Agree Inanaco but also manages to generate a T cell response in addition to the antibody response which is mainly associated with the Spike GP.
I have already said I believe the SCLP approach should theoretically offer a better overall response but just needs more news on human data and the development funding sorted.
Ivy - re. your 20.22, I can imagine and to answer your original question, yes, it would have to be in a controlled and secure environment.
Inanaco - my understanding is that challenge trials would involve injecting patients with live virus but not sure it matters, the point is that by some method they are exposed to live virus.
Ivy
"""Based purely on my understanding of the theory I would expect a better response from the SCLP Vax especially in the specific T and helper cell response as it targets the nucleo capsid protein in a more potent way than the Oxford ChAd Vax.""
Oxfords Vaccine only targets the spike Glycoprotein only
Does anybody know how much time volunteers will have to spend in a virus isolation unit.
Thinking about jsands observation about volunteers from H.M.P leading to remission, which I guess will be cost effective in time too.
Evening Burble a very fair point and yes SCLP has the capacity to stimulate a more flexible immune response against a wider antigenic threat.
Despite what some may think I see great benefits in the SCLP Approach but the specific need to develop an effective Vax in these unprecedented times may not work in our favour.
Hi Bermuda,
As you say the demand for Covid 19 human challenge studies seems to be growing.
The CEO of the only U.K. commercial lab claims that 12/20 of the top Covid 19 Vax candidates have been talking to them and looks like Oxford are considering doing It
Ivy
One thing to point out with an adenovirus mediated transfer such as ChadOx1 is the potential to develop antibodies against the actual delivery system, hence if this became the chosen route for vaccination against C-19, it in turn also prevent it being used for any other virally delivered vaccine.
Companies such as SCLP which steer clear of viral delivery systems - i.e. either injectables or nanoparticles, naked mRNA etc have the ability that the immune system will only mount a response against the target antigen, meaning that SCLP could go on and develop other vaccines which could work repeatedly in the same patient.

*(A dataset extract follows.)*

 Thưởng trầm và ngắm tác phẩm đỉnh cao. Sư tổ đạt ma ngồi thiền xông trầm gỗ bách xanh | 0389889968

With adenoviral transfer, this may not be the case.
Evening Bunsie,
Based purely on my understanding of the theory I would expect a better response from the SCLP Vax especially in the specific T and helper cell response as it targets the nucleo capsid protein in a more potent way than the Oxford ChAd Vax.
Having said that I did believe the Oxford version would generate some T cell response as a similar technology which I am much more familiar with does that.

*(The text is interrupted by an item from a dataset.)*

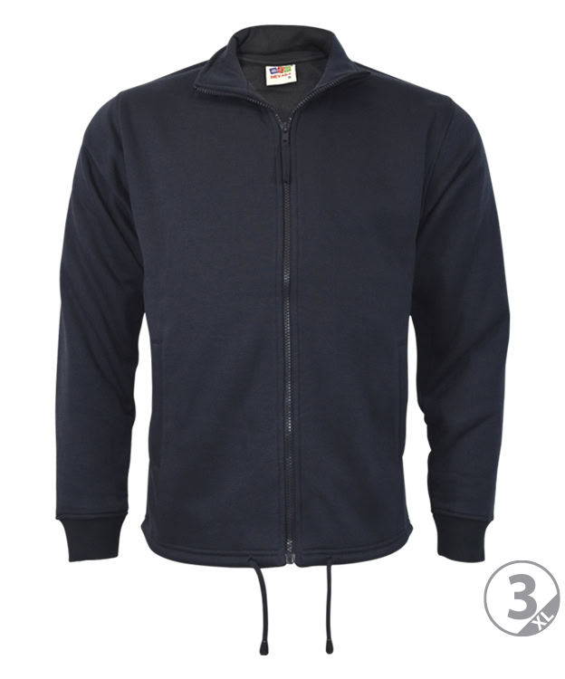 Sudadera con cremallera entera. 65% poliéster 35% algodón, 280 gr, felpa lisa perchada. Bolsillos laterales. Canalé en puños. Bajos con cordón.

So I fully believe in the possibility of Covidity having a potent effect vs Covid 19 and may offer big benefits in length of immune response and in specific population subsets.
This issue with all these Vax is the risks in progressing through the various hurdles both regulatory and commercial and that is where my caution lies with all Vax but in particular here until one funding us sorted and we get some initial results in humans
just a point ... i do not think any one would be "Injected" with live virus .. that would not replicate a natural infection ...
jsand -
Thanks for that. Well written and very convincing! Interesting to note that article was written less than a month ago and only 25,000 people at that stage had volunteered via IDaySooner.
Thanks Bermuda, here's another authoritative answer:-
https://www.statnews.com/2020/06/23/challenge-trials-live-coronavirus-speedy-covid-19-vaccine/
jsand,
I don't think there'll be a shortage of volunteers for challenge trials - over 300,000 people have already registered with 1DaySooner but they may still be a while off, here's just some of the issues:-
1) We still don't know enough to risk injecting live virus into healthy people.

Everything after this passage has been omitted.